The choice was ‘between leaving or escalating’

Washington: President Biden on Tuesday hailed what he called the “extraordinary success” of the evacuation of Kabul as he vehemently defended his decision to end America’s war in Afghanistan, just one day after the end of a two-week rescue of 125,000 people from Kabul that saw the deaths of 13 service members.

Biden said from the White House that the nation owed a debt of gratitude to the troops who died in the evacuation mission.

He forcefully rejected criticism of the end of the 20-year war in Afghanistan, offering a defensive recounting of his decision-making and blaming former President Trump for negotiating a bad deal with the Taliban that boxed Mr. Biden and his team in.

“That was the choice, the real choice between leaving or escalating,” Mr. Biden declared, his tone angry and defensive. “I was not going to extend this forever war.”
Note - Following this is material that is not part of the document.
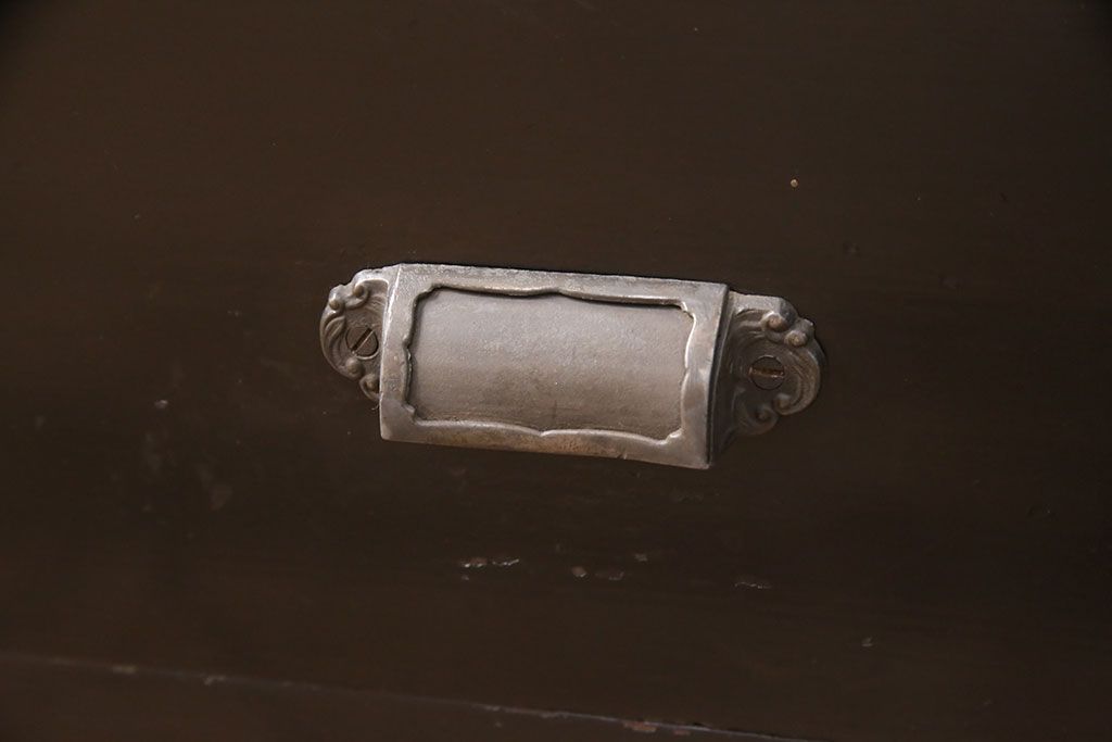 セミオーダー家具実績 > 大正昭和初期のサイドボードをリペア&カスタム!プレートを取り外し、ガラスをクリアガラスに入れ替え。現状に近しい色味に着色し仕上げ。(収納棚、戸棚、キャビネット)

“I’m the fourth president who has faced the issue of whether and when to end this war. When I was running for president, I made a commitment to the American people that I would end this war. Today I’ve honored that commitment.”

Before Mr. Biden’s speech, Jen Psaki, the White House press secretary, said that the President approaches our foreign policy through the prism of what is in our national interests, including how best to continue to keep the American people safe.”

The president delivered his remarks almost 20 years after the United States ousted the Taliban from power in the wake of the Sept. 11 attacks, and just a day after the last American troops and diplomats departed the country, which is once again under Taliban rule.

Mr. Biden pointedly did not announce the news on Monday that the final transport plane carrying American forces had left Afghanistan, leaving that instead to Pentagon officials who briefed reporters after the plane had left Afghan airspace.

Mr. Biden’s speech comes as White House officials are hoping to wind down a difficult episode for his presidency, and focus instead on domestic crises at hand — including the ongoing Delta variant wave of the Covid-19 pandemic and the aftermath of Hurricane Ida’s destructive path through the Gulf Coast.